# Dataset Preparation
This notebook handles the **organization of the dataset** before feature extraction and model training.

## What This Notebook Does:
- Loads metadata (`meta.csv`) to get labels.
- Checks for missing data.
- Moves audio files in the dataset into **two separate folders**:
  - `data/processed_data/real/` (for real audios)
  - `data/processed_data/fake/` (for fake audios)
- Uses a progress bar (`tqdm`) for better tracking.

In [4]:
# Importing required libraries
import os
import pandas as pd
import shutil
from tqdm import tqdm

In [5]:
# Load the metadata CSV file
metadata_path = './data/release_in_the_wild/meta.csv'
metadata = pd.read_csv(metadata_path)

# Display the first few rows of the metadata
metadata.head()

Unnamed: 0,file,speaker,label
0,0.wav,Alec Guinness,spoof
1,1.wav,Alec Guinness,spoof
2,2.wav,Barack Obama,spoof
3,3.wav,Alec Guinness,spoof
4,4.wav,Christopher Hitchens,bona-fide


In [6]:
# Check for missing data in meta.csv
missing_data = metadata.isnull().sum()

if missing_data.any():
    print("Missing values found:")
    print(missing_data)
else:
    print("No missing values found")

No missing values found


In [7]:
# Create folders for real and fake audio files
os.makedirs('./data/processed_data/real', exist_ok=True)
os.makedirs('./data/processed_data/fake', exist_ok=True)

In [8]:
# Path to the audio files
audio_path = './data/release_in_the_wild'

# Iterate over metadata
for _, row in tqdm(metadata.iterrows(), total=len(metadata), desc="Processing"):
    src_path = os.path.join(audio_path, row['file'])

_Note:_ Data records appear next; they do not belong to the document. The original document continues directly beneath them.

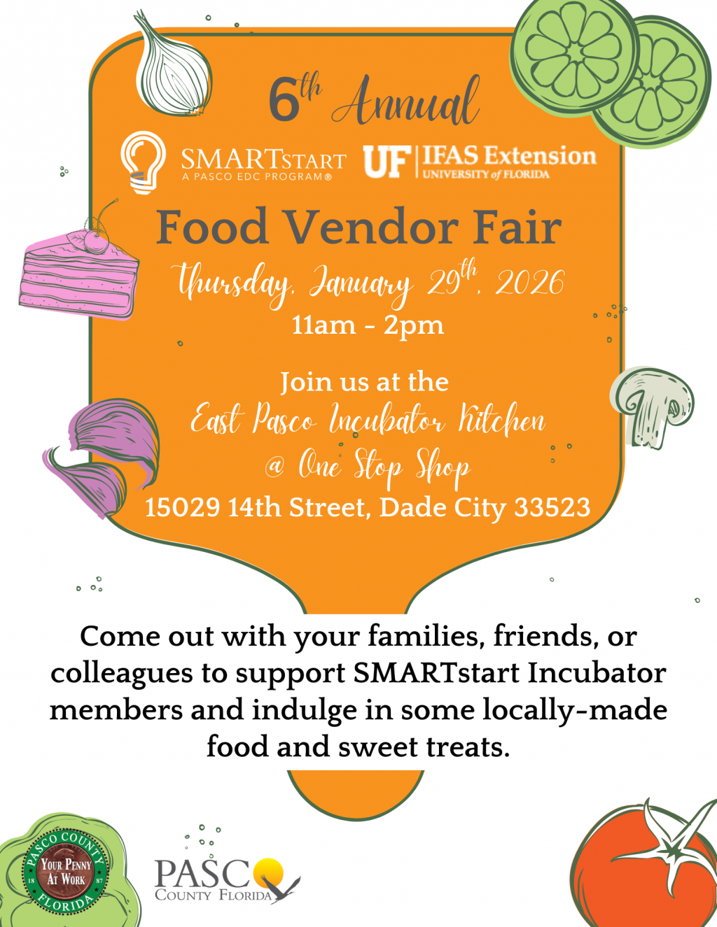 Join UF/IFAS Pasco County Extension and Pasco EDC SMARTstart for our vendor fair at the Extension’s One Stop Shop (15029 14th St.) in Dade City. This family-friendly, food event aims to share incubator business opportunities and support our current food entrepreneurs' businesses.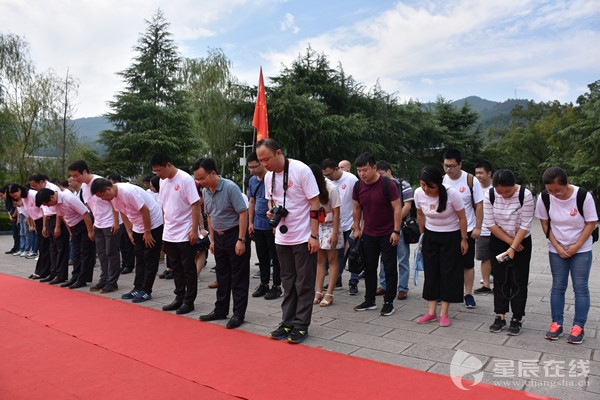 (“長征路上奔小康”網(wǎng)絡(luò)媒體“走轉(zhuǎn)改”大型主題采訪團(tuán)成員向賀龍銅像鞠躬致敬。)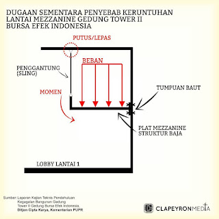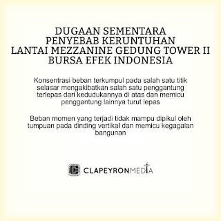 Senin (15/1), Selasar Mezzanine di Lobby Tower II Bursa Efek Indonesia (BEI) mengalami kegagalan bangunan. Keruntuhan diduga akibat konsentrasi beban saat adanya rombongan mahasiswa pada selasar yang berbentuk kantilever tersebut.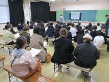 まずは、不審者対応の避難訓練を実施しました。不審者に気づかれないよう教室では静かに待機することができました。最後に雄琴交番の方からお話をいただきました。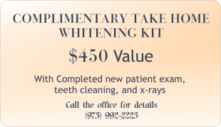 Call today to set up your appointment and get a complimentary take home teeth whitening kit a ($450 value) with completed new patient exam, teeth cleaning and, x-rays. Keep your 6-month recall visits and you’ll receive additional gel as needed for life!

    # Check if the file exists before moving it
    if not os.path.exists(src_path):
        print(f"File not found: {src_path}. Skipping...")
        continue

    # Determine the destination folder based on the label (real or fake)
    dest_folder = './data/processed_data/fake' if row['label'] == 'spoof' else './data/processed_data/real'
    dest_path = os.path.join(dest_folder, row['file'])

    try:
        # Copy the file to the appropriate destination folder
        shutil.copy(src_path, dest_path) 
    except Exception as e:
        print(f"Error moving file {row['file']}: {e}")

Processing: 100%|██████████| 31779/31779 [01:20<00:00, 394.09it/s]